Former Labour prime minister Alfred Sant has suggested it "would have been better" if Byron Camilleri had stepped down as home affairs minister in the wake of the audacious AFM drugs heist.

The former prime minster weighed in on Thursday amid the political fallout from the robbery of more than 200 kg of cannabis from what should have been a secure army barracks in Safi on Saturday night. 

"Home Affairs Minister Byron Camilleri did well to offer his resignation following the theft of cannabis from an Army depot," Sant wrote in his regular column for The Malta Independent.  "Perhaps it would have been better had he resigned."

He reminded people that Labour had "made fun" of similar political moves when the Nationalist Party was in power.  
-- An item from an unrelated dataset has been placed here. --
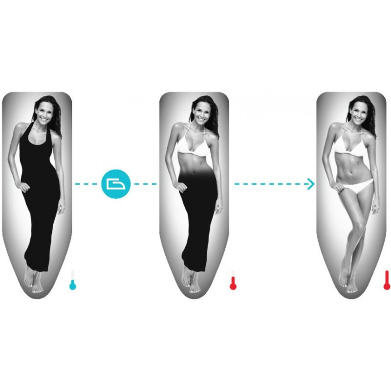 Чохол для прасувальної дошки Colombo Thermosensible Woman 140 x 55 см (COP930) - термочутливий чохол розроблений для максимально комфортного прасування. Він виготовлений зі 100% бавовни, що поєднує термостійкість, зносостійкість та привабливий зовнішній вигляд. Повстяна підкладка 250г/м2. Цей чохол — ідеальне доповнення до вашої прасувальної дошки, який забезпечить бездоганний вигляд одягу та зручність у щоденному використанні. Під впливом тепла від праски чохол змінює зображення.

"A politician in charge is responsible both for what he does and for what those who in his name exercise public service roles of a decisional and managerial nature do. If they mess up, he/she is equally involved," he added. 
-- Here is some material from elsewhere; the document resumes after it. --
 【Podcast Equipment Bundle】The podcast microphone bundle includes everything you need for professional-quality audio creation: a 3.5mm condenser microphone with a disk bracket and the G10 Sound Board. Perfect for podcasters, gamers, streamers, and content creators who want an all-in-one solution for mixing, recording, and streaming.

He questioned whether there had been an "excessive" increase in the last two decades "when almost any failure has been tolerated or ignored".
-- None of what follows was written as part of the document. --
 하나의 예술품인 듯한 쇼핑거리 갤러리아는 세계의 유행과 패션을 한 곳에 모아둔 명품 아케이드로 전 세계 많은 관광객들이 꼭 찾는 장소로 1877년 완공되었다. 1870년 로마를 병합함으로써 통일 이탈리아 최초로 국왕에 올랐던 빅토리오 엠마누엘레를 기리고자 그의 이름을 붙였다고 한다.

"The impact of such an approach is not evident in the short term but it then continues to grow, leading in the end to a significant relaxation of the seriousness, discipline and accountability that the public sector needs to maintain in order to carry out its duties properly," he said. 

Sant was prime minister from 1996 to 1998 and was most recently an MEP until he decided not to contest the last European Parliament election. 

Within hours of the illegal drugs theft, Camilleri suspended the commander of the armed forces and offered his own resignation.

But Abela repeatedly refused the resignation and Camilleri decided to stay on in post following a show of support from his cabinet of ministers on Tuesday.

“I insisted (on resigning) once, twice, and even more. But I appreciated the prime minister’s trust and that of the cabinet. Cabinet asked me to continue working and that’s what I will be doing,” Camilleri told Times of Malta.